# Red zebra and Pseudotropheus saulosi



## mikespad4000 (May 28, 2020)

I am new to African cichlids and I want to make sure I don't mix to types that won't go well together. I plan to do a 6 of each fish (2m/4f) in a 55 gallon. At the moment a 55 is as big as I could go. I know that the P. Saulosi give both yellow and blue but wanted to try and get a redish fish in the tank as well. You there's a better idea I am open for suggestions. I'm in the planning stages right now.


----------



## Chrislisk (May 16, 2020)

I am new as well to this. I'm sure someone with far more experience than me will advise but from what I have been told and learned there isn't really much of a "red", the red zebra but then that is kinda orange. Maybe a hongi red top? And get something very different colour wise.


----------



## mikespad4000 (May 28, 2020)

Yea sorry I should have said I was going to get the red zebra ob. I was looking into hongi red tops as well. Thanks for commenting though any bit helps.


----------



## DJRansome (Oct 29, 2005)

Don't do 2 males. 1m:4f works for peaceful mbuna.

The red zebra OB is also orange. Hongi are blue...and blue barred to boot so may not do well with the saulosi.

Go for something that is completely different from the blue saulosi males and yellow/orange saulosi females.

Rusties? Metriaclima callainos? Socolofi? White labs?


----------



## mikespad4000 (May 28, 2020)

Perfect thanks! I'll probably go with the rusties then for a bit of color difference. Sorry *** heard online that 2 males help make the dominant males color look better. I'll stick to 1 male then for the sake of the fish.


----------



## DJRansome (Oct 29, 2005)

3 males would work for that with a mild species like saulosi (not estherae). But then you would use 3 of your species slots for saulosi because you would still want 4 females for each male.

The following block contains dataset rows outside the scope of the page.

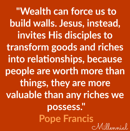 Pope Francis: “Wealth can force us to build walls. Jesus, instead, invites His disciples to transform goods and riches into relationships, because people are worth more than things, they are more valuable than any riches we possess.”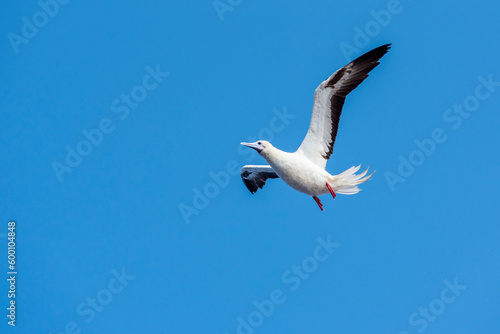 Fototapeta premium Seabird Masked, Blue-faced Booby (Sula dactylatra) flying over the ocean....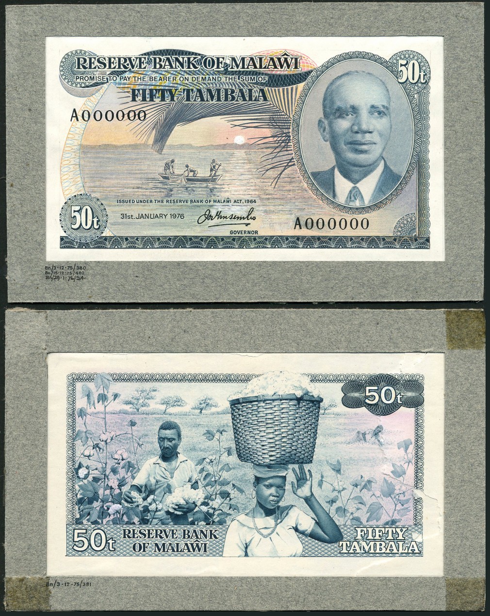 (†) Reserve Bank of Malawi, an obverse and reverse composite essay on card for a 50 Tambala, 31 January 1976, serial number A000000, blue-grey on multicoloured underprint, portrait of Hastings Banda at right, fishermen in boat on Lake Malawi at centre, reverse man and woman cotton harvesting; also a reverse composite essay on card for a 50 Tambala, ND (1975), blue-grey, woman and man cotton harvesting

Showing off for the females will make the males color as well.


----------



## ldrmanic (Dec 22, 2019)

I love Rusties! They are beautiful and on the peaceful side for mbunas!


----------



## mikespad4000 (May 28, 2020)

So for future reference have 4f for every 1m roughly. Got it. After more research I'm starting to also like the Rusties as well. Thanks so much for your help


----------



## DJRansome (Oct 29, 2005)

A better way to think of it is one male/species/tank. Saulosi are the exception rather than the rule where multiple males might work for aggression in a tank...even if all three do not color. Colorless males are kind of not the point.


----------



## mikespad4000 (May 28, 2020)

Ok. I think I get it now. Thanks for your help!


----------